Score = relevance_to_query * centrality_in_graph * recency_bonus - redundancy_penalty
- relevance: keyword overlap with query
- centrality: how many other chunks reference symbols in this chunk
- recency: files in relevantPaths get a boost
- redundancy: chunks similar to already-scored chunks get penalized
func (*ShapleyRanker) Format ¶
func (sr *ShapleyRanker) Format(chunks []CodeChunk) string
Format renders selected chunks as a text block for prompt injection.

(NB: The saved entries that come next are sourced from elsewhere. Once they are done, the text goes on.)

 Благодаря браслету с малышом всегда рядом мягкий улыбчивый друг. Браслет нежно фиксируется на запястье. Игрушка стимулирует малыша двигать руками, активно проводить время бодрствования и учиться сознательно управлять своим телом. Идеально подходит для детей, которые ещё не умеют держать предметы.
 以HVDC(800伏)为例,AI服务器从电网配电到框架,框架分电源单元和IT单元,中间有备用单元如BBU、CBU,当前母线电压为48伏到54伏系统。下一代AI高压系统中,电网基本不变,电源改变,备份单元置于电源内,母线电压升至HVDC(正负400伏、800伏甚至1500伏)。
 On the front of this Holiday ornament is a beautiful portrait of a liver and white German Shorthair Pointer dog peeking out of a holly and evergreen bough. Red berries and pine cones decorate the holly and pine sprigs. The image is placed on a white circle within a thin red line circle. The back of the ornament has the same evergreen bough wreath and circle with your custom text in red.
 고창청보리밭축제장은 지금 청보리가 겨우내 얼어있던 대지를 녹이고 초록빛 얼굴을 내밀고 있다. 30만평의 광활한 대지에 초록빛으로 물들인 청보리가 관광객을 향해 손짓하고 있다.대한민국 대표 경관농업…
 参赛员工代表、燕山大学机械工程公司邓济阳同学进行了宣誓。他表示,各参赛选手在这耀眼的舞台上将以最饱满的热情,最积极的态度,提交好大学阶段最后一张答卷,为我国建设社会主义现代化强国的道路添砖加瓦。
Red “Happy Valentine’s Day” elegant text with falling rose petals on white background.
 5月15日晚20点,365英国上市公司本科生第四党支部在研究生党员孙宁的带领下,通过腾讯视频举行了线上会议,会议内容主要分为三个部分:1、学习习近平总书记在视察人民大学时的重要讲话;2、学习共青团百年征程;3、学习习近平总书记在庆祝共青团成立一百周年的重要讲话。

func (*ShapleyRanker) SelectOptimalContext ¶
func (sr *ShapleyRanker) SelectOptimalContext(query string, tokenBudget int) []CodeChunk
SelectOptimalContext greedily selects chunks that maximize information within the token budget, recomputing redundancy penalties after each addition.
type ShapleyScore ¶
type ShapleyScore struct {
Path string
StartLine int
EndLine int
Score float64 // higher = more helpful in context
Content string
}
ShapleyScore represents the computed marginal contribution of a code chunk.
type SymbolGraph ¶
type SymbolGraph struct {
// contains filtered or unexported fields
}
SymbolGraph is a directed graph of symbol references used for PageRank computation over a codebase.
func BuildSymbolGraph ¶
func BuildSymbolGraph(dir string, opts Options) (*SymbolGraph, error)

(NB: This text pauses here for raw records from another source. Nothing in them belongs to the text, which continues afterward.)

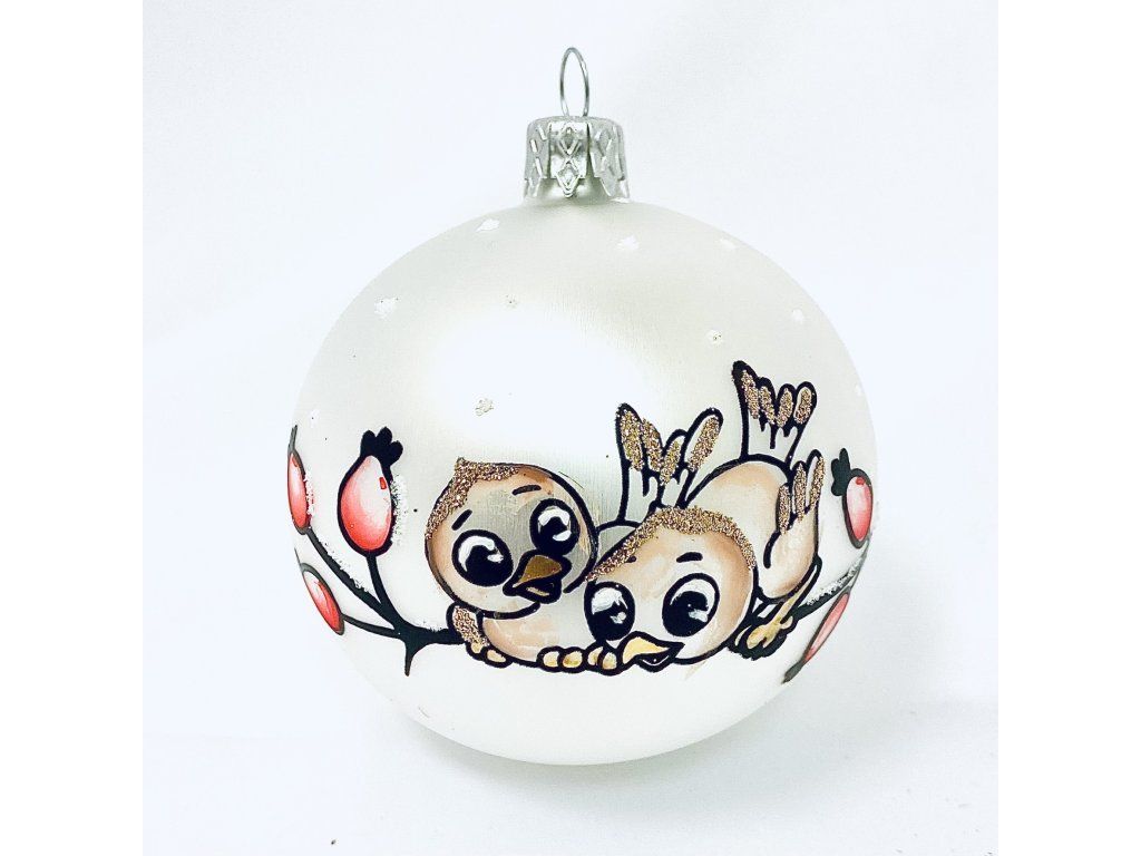 Sklenená vianočná ozdoba s textom na prianie - Biela nežnosť s vtáčikmi na šípku s vlastným textom (biela, 1 ks, 8 cm)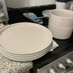Set of speckled ceramic dinner plates + bowls$65Peck Slip, NY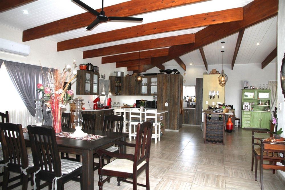 This inviting home in Hoedspruit Wildlife Estate features three full en-suite bedrooms, spacious open-plan living, dining and kitchen area with a separate scullery. The living space is enhanced by high vaulted ceilings, natural wood beam finishes, warm color tones and cool screed flooring. Two of the bedrooms are situated within the main living area while the third and larger bedroom is set apart and overlooks the elevated swimming pool with mountain views. All the bedrooms have walk-in closets and this home is fitted with air-conditioning and ceiling fans throughout, as well as a separate guest toilet.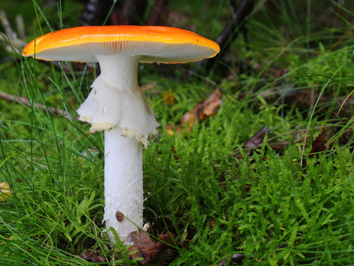 Und auch der Safran-Scheidenstreifling (Amanita crocea) hatte sich schick gemacht.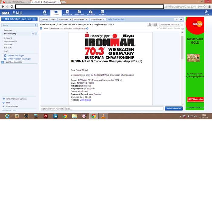 Neuigkeiten gibt es natürlich auch noch. Ich habe es gewagt und mich für den Ironman 70.3 in Wiesbaden angemeldet. Bin richtig heiss auf die Radstrecke, die einen sehr fordern soll. Aber wir rocken das, wa Kaya ?! ;-)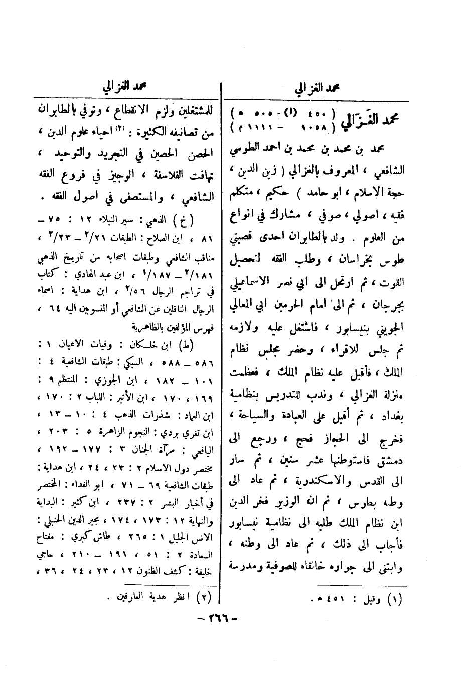 للمشتغلين ولزم الانقطاع، وتوفي بالطابران من تصانيفه الكثيرة: (2) احياء علوم الدين الحصن الحصين في التجريد والتوحيد تهافت الفلاسفة، الوجيز في فروع الفقه الشافعي، والمستصفى في اصول الفقه.

BuildSymbolGraph scans the directory, extracts symbols using the existing repomap parsers, then builds a directed graph by grepping for references.
func (*SymbolGraph) ComputePageRank ¶
func (sg *SymbolGraph) ComputePageRank(iterations int, damping float64)

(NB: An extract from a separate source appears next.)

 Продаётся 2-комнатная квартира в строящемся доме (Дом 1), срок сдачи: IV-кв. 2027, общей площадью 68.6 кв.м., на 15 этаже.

ComputePageRank runs the standard PageRank algorithm on the symbol graph.
rank[i] = (1-d) + d * sum(rank[j]/outlinks[j]) for all j->i
Default: iterations=20, damping=0.85.
func (*SymbolGraph) FormatMap ¶
func (sg *SymbolGraph) FormatMap(maxTokens int) string
FormatMap renders the ranked symbols as a repo map string, highest-rank first, stopping when the estimated token budget is reached.
func (*SymbolGraph) TopSymbols ¶
func (sg *SymbolGraph) TopSymbols(n int) []SymbolNode
TopSymbols returns the top-N symbols ordered by rank (descending).